IFFT taking orders of magnitude more than FFT

Question

I'm trying to resample a 1-D signal using an FFT method (basically, the one from scipy.signal). However, the code is taking forever to run, even though my input signal is a power of two in length. After looking at profiling, I found the root of the problem.

Basically, this method takes an FFT, then removes part of the fourier spectrum, then takes an IFFT to bring it back to the time domain at a lower sampling rate.

The problem is that that the IFFT is taking far longer to run than the FFT:

ncalls tottime percall cumtime percall filename:lineno(function) 1 6263.996 6263.996 6263.996 6263.996 basic.py:272(ifft) 1 1.076 1.076 1.076 1.076 basic.py:169(fft)

I assume that this has something to do with the amount of fourier points remaining after the cutoff.
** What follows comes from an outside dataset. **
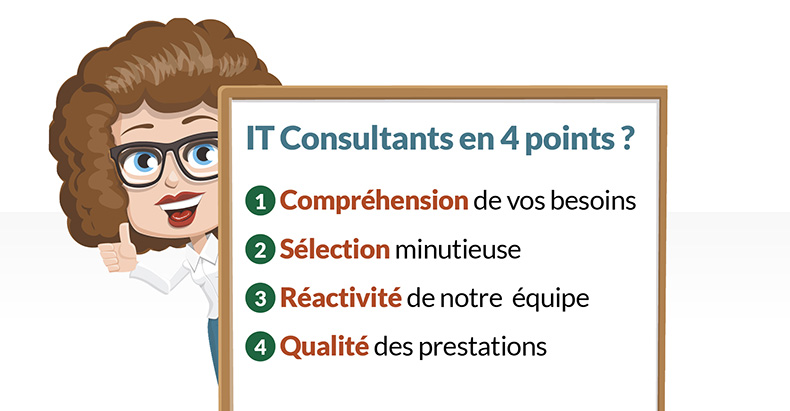 IT Consultants est une jeune SSII créée en 2005 par une informaticienne dont les valeurs essentielles sont la Transparence et la Qualité. Transparence vis-à-vis des clients, salariés et sous-traitants.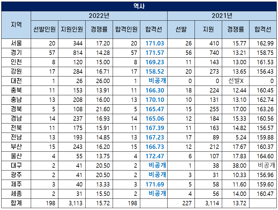 2022년도 중등임용고시 역사 과목 최종 합격선은 2021년보다 상승했습니다. 가장 큰 폭으로 합격선이 상승한 경기도의 커트라인은 171.57점으로 지난해보다 합격선이 12.82점 상승했습니다.

That said, this is an incredible slowdown so I want to make sure that:

A. This behavior is semi-reasonable and isn't definitely a bug. B. What could I do to avoid this problem and still downsample effectively.

Right now I can pad my input signal to a power of two in order to make the FFT run really quickly, but not sure how to do the same kind of thing for the reverse operation. I didn't even realize that this was an issue for IFFTs :P

Answer 1

If your IFFT's length is different from that of the FFT, and the length of the IFFT isn't composed of only very small prime factors (2,3,etc.), then the efficiency can drop off significantly.

Thus, this method of resampling is only efficient if the two sample rates are different by ratios with small prime factors, such as 2, 3 and 7 (hint).